*Exercise*
From the first line of the data down to the line bearing "I am looking", output every line exactly and include no pictures.

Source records
_ _ _ _ _ _ _

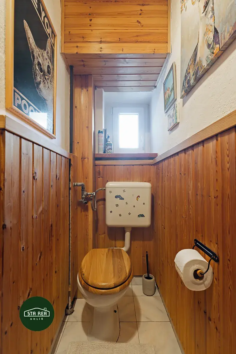 Zděný dům byl postaven v 60. letech. Následně byl dům v čase několikrát modernizován, tak aby vyhovoval době a časově příslušným standardům. Dům o dvou nadzemních podlažích a jedním podzemním podlažím má dvě bytové jednotky. Vše podstatné je funkční, dům je obyvatelný bez nutných zásahů. Nemovitost je také vhodná k rekonstrukci, díky které si nový majitel může vytvořit bydlení přesně podle svých představ. Součástí je garáž pro dvě auta, bazén, skleník a kopaná studna. Nabídka může být zajímavá i pro někoho, kdo by chtěl část domu využít ke krátkodobému nebo dlouhodobému pronájmu.
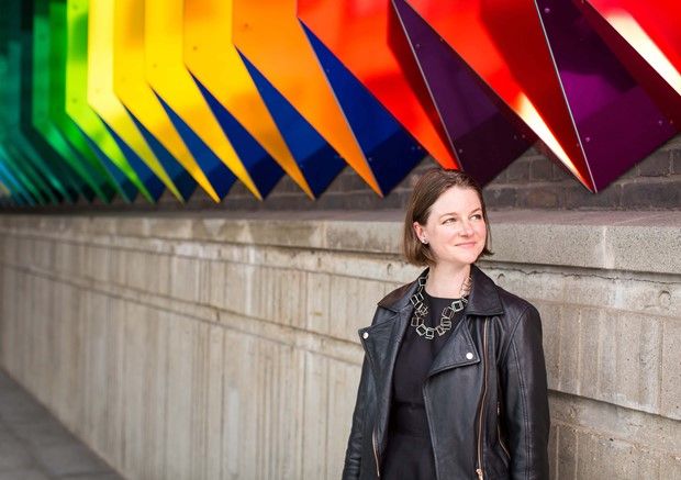 I am looking forward to seeing the work glisten and throw out mesmerising sundial colour ways onto the quayside. I hope that it brings joy to those who pass nearby and through it. This walk-through structure encourages visitors to look at their surroundings in a different light. Making their way inside the multicoloured corridor people see the world around them transformed by multicolour. The barrier between the outside and inside creates a multi-coloured striped cloak and distortion in an array of different hues, transforming the usual colourations and appearance of the outside environment.” – Liz West
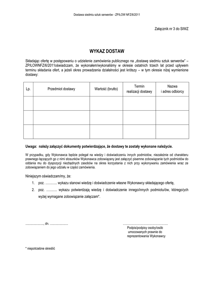 Dostawa siedmiu sztuk serwerów - ZP/ŁOW NFZ/6/2011 Załącznik nr 3 do SIWZ WYKAZ DOSTAW Składając ofertę w postępowaniu o udzielenie zamówienia publicznego na „dostawę siedmiu sztuk serwerów” – ZP/ŁOWNFZ/6/2011oświadczam, że wykonałem/wykonaliśmy w okresie ostatnich trzech lat przed upływem terminu składania ofert, a jeżeli okres prowadzenia działalności jest krótszy – w tym okresie niżej wymienione dostawy: Lp. Przedmiot dostawy Wartość (brutto) Termin realizacji dostawy Nazwa i adres odbiorcy Uwaga: należy załączyć dokumenty potwierdzające, że dostawy te zostały wykonane należycie. W przypadku, gdy Wykonawca będzie polegał na wiedzy i doświadczeniu innych podmiotów, niezależnie od charakteru prawnego łączących go z nimi stosunków Wykonawca zobowiązany jest załączyć pisemne zobowiązanie tych podmiotów do oddania mu do dyspozycji niezbędnych zasobów na okres korzystania z nich przy wykonywaniu zamówienia wraz ze zobowiązaniem do jego udziału w części zamówienia. Niniejszym oświadczam/my, że: 1. poz. ……….. wykazu stanowi wiedzę i doświadczenie własne Wykonawcy składającego ofertę, 2. poz. ………. wykazu potwierdzają wiedzę i doświadczenie innego/innych podmiotu/ów, którego/ych wyżej wymagane zobowiązanie załączam*. ......................, dn. ...................... * niepotrzebne skreślić ………………………………………. Podpis/podpisy osoby/osób umocowanych prawnie do reprezentowania Wykonawcy
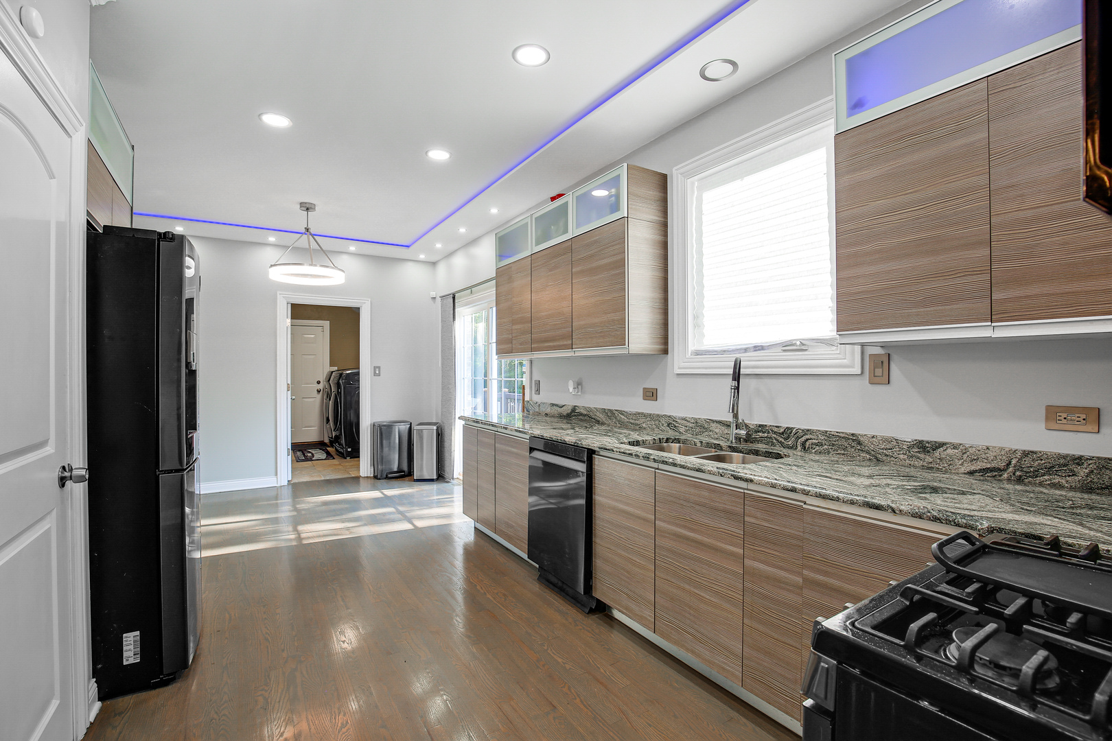 Welcome to your dream home where timeless elegance meets modern sophistication located in sought after Homewood-Flossmoor School District.. This beautifully updated 4-bedroom, 3.5-bathroom residence offers the perfect balance of luxury, comfort, and functionality. Gleaming hardwood floors flow throughout the main level, seamlessly connecting the separate formal living and dining rooms with the heart of the home. The gourmet kitchen showcases exquisite granite countertops, custom soft-close wood cabinetry, and ample space for culinary creations. The primary suite is a true retreat, featuring a serene sitting room with sauna (negotiable), an expansive walk-in closet, and a spa-inspired bathroom adorned with custom granite stone porcelain, a steam shower, and a jacuzzi tub designed for ultimate relaxation. The fully finished basement extends the living space, complete with recessed lighting and a premium custom speaker system-perfect for entertaining. Additional speakers are thoughtfully installed on the second floor, ensuring exceptional sound throughout. Step outside to your private oasis: a newly renovated 3-tier deck (2025), a fenced backyard ideal for gatherings, and a brand-new concrete expanded driveway with space for up to 4 vehicles. Additional upgrades include an RV charging port in the garage and a new roof (2025), offering peace of mind for years to come. From its luxurious finishes to its thoughtful modern amenities, this home is designed to impress. A true dream come true-ready to welcome you home.
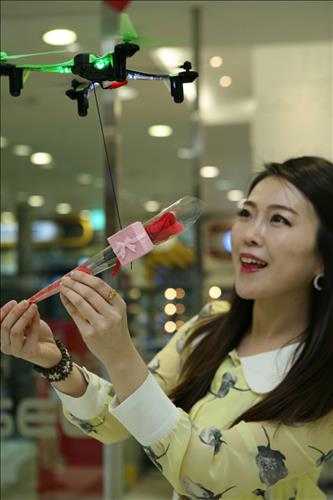 드론 매장 '헬셀'에서는 중국 유명 여배우가 드론으로 프러포즈를 받은 사연을 본뜬 '드론으로 사랑 고백하세요' 행사에 참여할 수 있다. 드론에 작은 꽃과 보석함을 매달고 날려보는 이벤트로 14일까지 매장에서 무료로 드론 강습을 받을 수 있다.
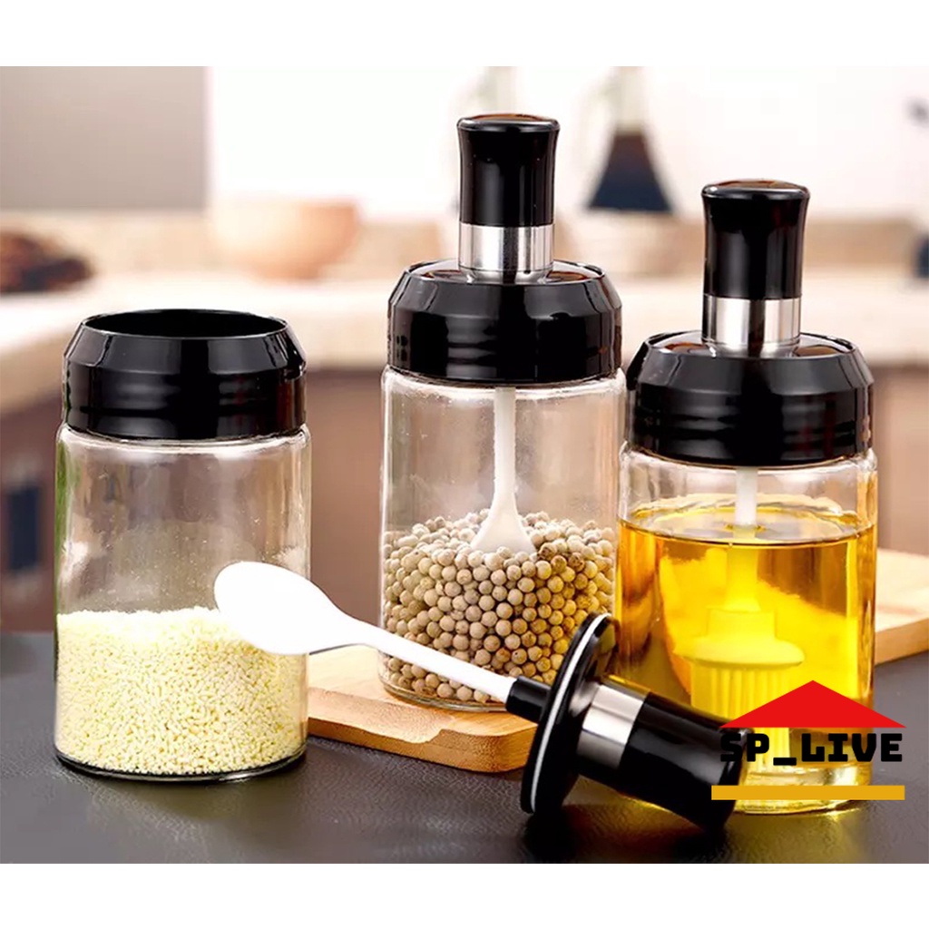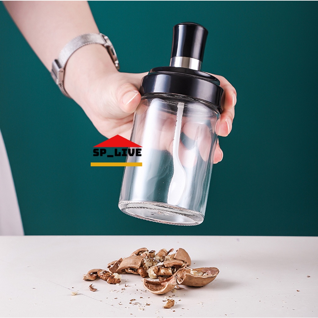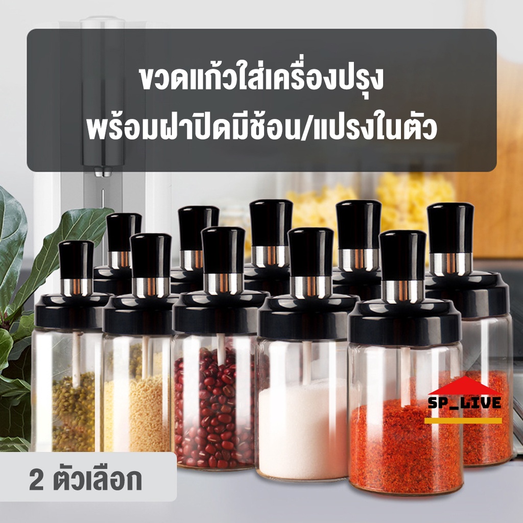 ขวดใส่เครื่องปรุงอาหาร ขวดเครื่องปรุง ขวดแก้ว ขนาด 250ml พร้อมช้อนตักในตัว

_ _ _ _ _ _ _

*Written answer*
 Zděný dům byl postaven v 60. letech. Následně byl dům v čase několikrát modernizován, tak aby vyhovoval době a časově příslušným standardům. Dům o dvou nadzemních podlažích a jedním podzemním podlažím má dvě bytové jednotky. Vše podstatné je funkční, dům je obyvatelný bez nutných zásahů. Nemovitost je také vhodná k rekonstrukci, díky které si nový majitel může vytvořit bydlení přesně podle svých představ. Součástí je garáž pro dvě auta, bazén, skleník a kopaná studna. Nabídka může být zajímavá i pro někoho, kdo by chtěl část domu využít ke krátkodobému nebo dlouhodobému pronájmu.
 I am looking forward to seeing the work glisten and throw out mesmerising sundial colour ways onto the quayside. I hope that it brings joy to those who pass nearby and through it. This walk-through structure encourages visitors to look at their surroundings in a different light. Making their way inside the multicoloured corridor people see the world around them transformed by multicolour. The barrier between the outside and inside creates a multi-coloured striped cloak and distortion in an array of different hues, transforming the usual colourations and appearance of the outside environment.” – Liz West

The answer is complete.